Since the UPA came to power, the government has institutionalised fiscal profligacy. Any enterprise—and that includes the government—has to run on a sustainable model. It must be able to pay for what it spends and if it is borrowing to spend, it must be for assets that will deliver incomes tomorrow. Between 2004 and 2012, the income of the government has increased three times while borrowings have shot up over seven times from `80,000 crore to `5.9 lakh crore. In 2008-09, government was borrowing about `750 crore a day. This year, it will borrow `1,560 crore every day of which more than half will be used for paying interest and debt service.
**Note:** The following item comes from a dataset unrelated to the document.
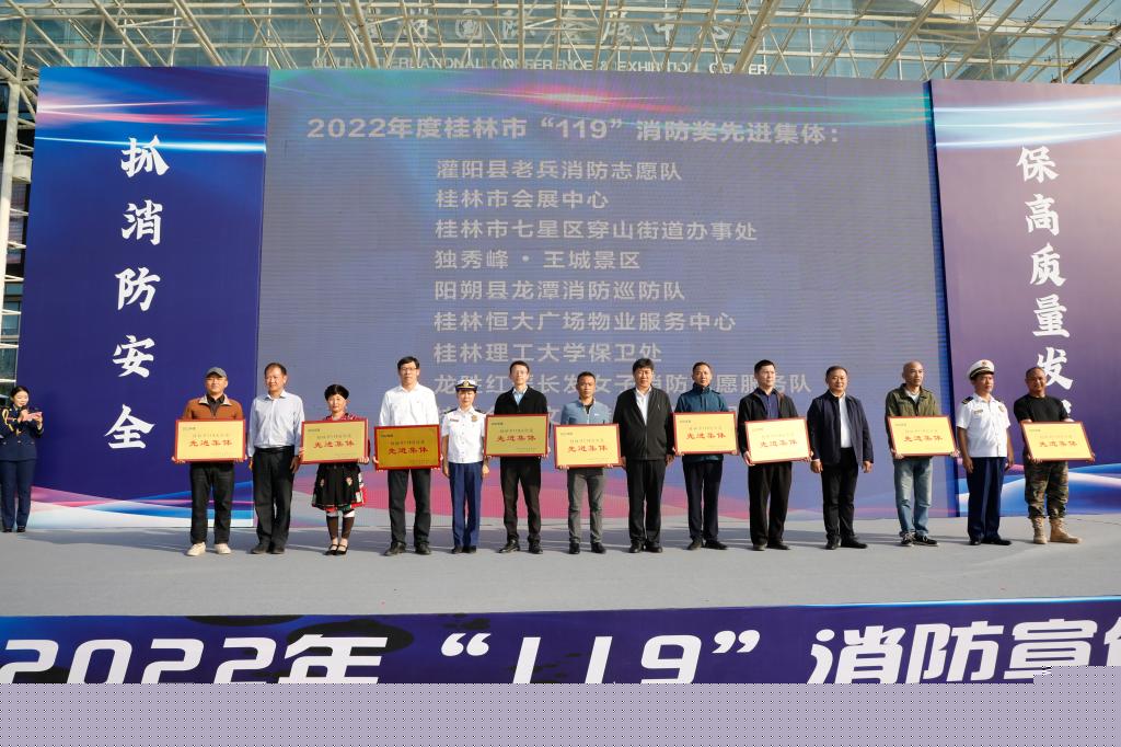 11月8日上午,桂林市2022年“119”消防宣傳月啟動(dòng)儀式暨消防科普嘉年華活動(dòng)在七星區(qū)會(huì)展中心舉行。啟動(dòng)儀式為榮獲“桂林市119消防獎(jiǎng)先進(jìn)集體”和“桂林市119消防獎(jiǎng)先進(jìn)個(gè)人”頒獎(jiǎng),我校保衛(wèi)處榮獲“桂林市119消防獎(jiǎng)先進(jìn)集體”榮譽(yù)稱號、王治國獲“桂林市119消防獎(jiǎng)先進(jìn)個(gè)人”榮譽(yù)稱號。

The Prime Minister says “money does not grow on trees” but apparently government bonds to fund fiscal deficit do grow on trees. You could argue that the money can be borrowed to create productive assets. Well, consider this: revenue expenditure accounts for 86 per cent of total expenditure whereas capital expenditure accounts for barely 13 per cent. Very simply 86 paise of every rupee the government spends is used on the running of the behemoth while barely 13 paise is available to create roads, bridges etc. Just one figure illustrates profligacy most eloquently. The revenue expenditure budgeted for this year is over `12.8 lakh crore while total borrowings is budgeted at `5.69 lakh crore or nearly half the expenditure of running the government is met through borrowings.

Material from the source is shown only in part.